The NRA argued in a July 31 brief that the Florida law did not align with a 2022 Supreme Court opinion in a case known as New York State Rifle & Pistol Association v. Bruen, which said gun laws must be “consistent with this nation’s historical tradition of firearm regulation.”
“This law is unconstitutional. The Second Amendment’s text protects young adults’ right to purchase a firearm, and the state has not proven that the ban is consistent with our nation’s historical tradition of firearm regulation. The young adult ban cannot stand,” John Parker Sweeney, an attorney with the Washington, D.C.-based Bradley Arant Boult Cummings LLP firm, wrote in the brief.
But in an Aug. 30 brief, the state’s attorneys contended that the law “fits neatly within” the nation’s “historical tradition.” While the law bars people under 21 from buying rifles and other long guns, they are able to get the guns, for example, as gifts from relatives.
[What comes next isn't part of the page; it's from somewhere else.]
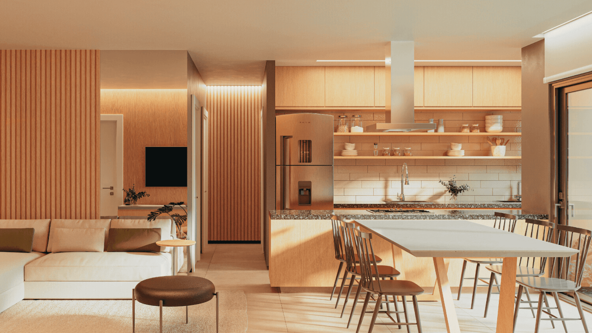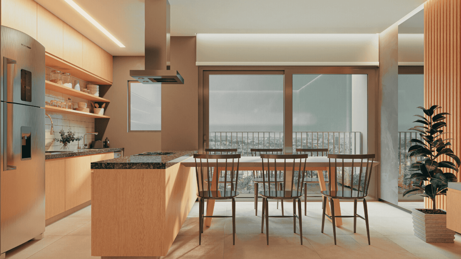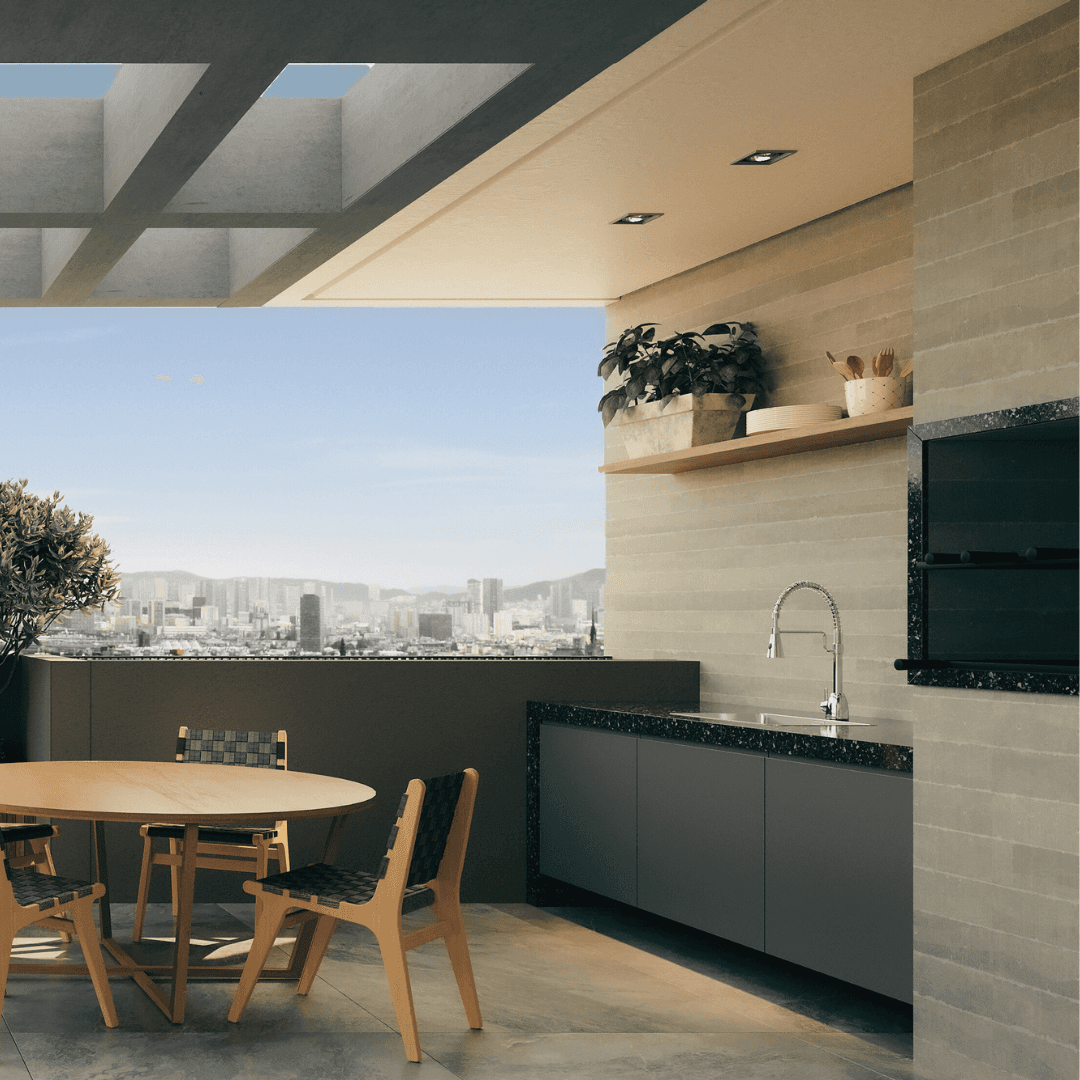Área gourmet com 2 espaços com propostas diferentes e complementares: salão gourmet e parrilla gourmet.

Honestly, I find that argument to be especially idiotic.
If your rights depend on the actions of another person, you don’t have your rights. My right to speak freely doesn’t exist only because someone opts to hand me a microphone. My freedom of religion doesn’t only exist if I’m invited to church. As such, my right to keep and bear arms doesn’t only exist if someone gifts me a firearm.
What about those young but legal adults who are estranged from their families? Do they not have the right to keep and bear arms?
And no, nothing about this is consistent with our nation’s history, text, or tradition regarding the Second Amendment. Once again, we have a state treating the Second Amendment as a second-class right, one that can be denied to people for no valid reason.
My hope is that the appeals court holds this to the Bruen standard, and then smacks it down, just as they should.
These young Floridians deserve to have their rights respected and the so-called Gunshine State damn sure isn’t doing that.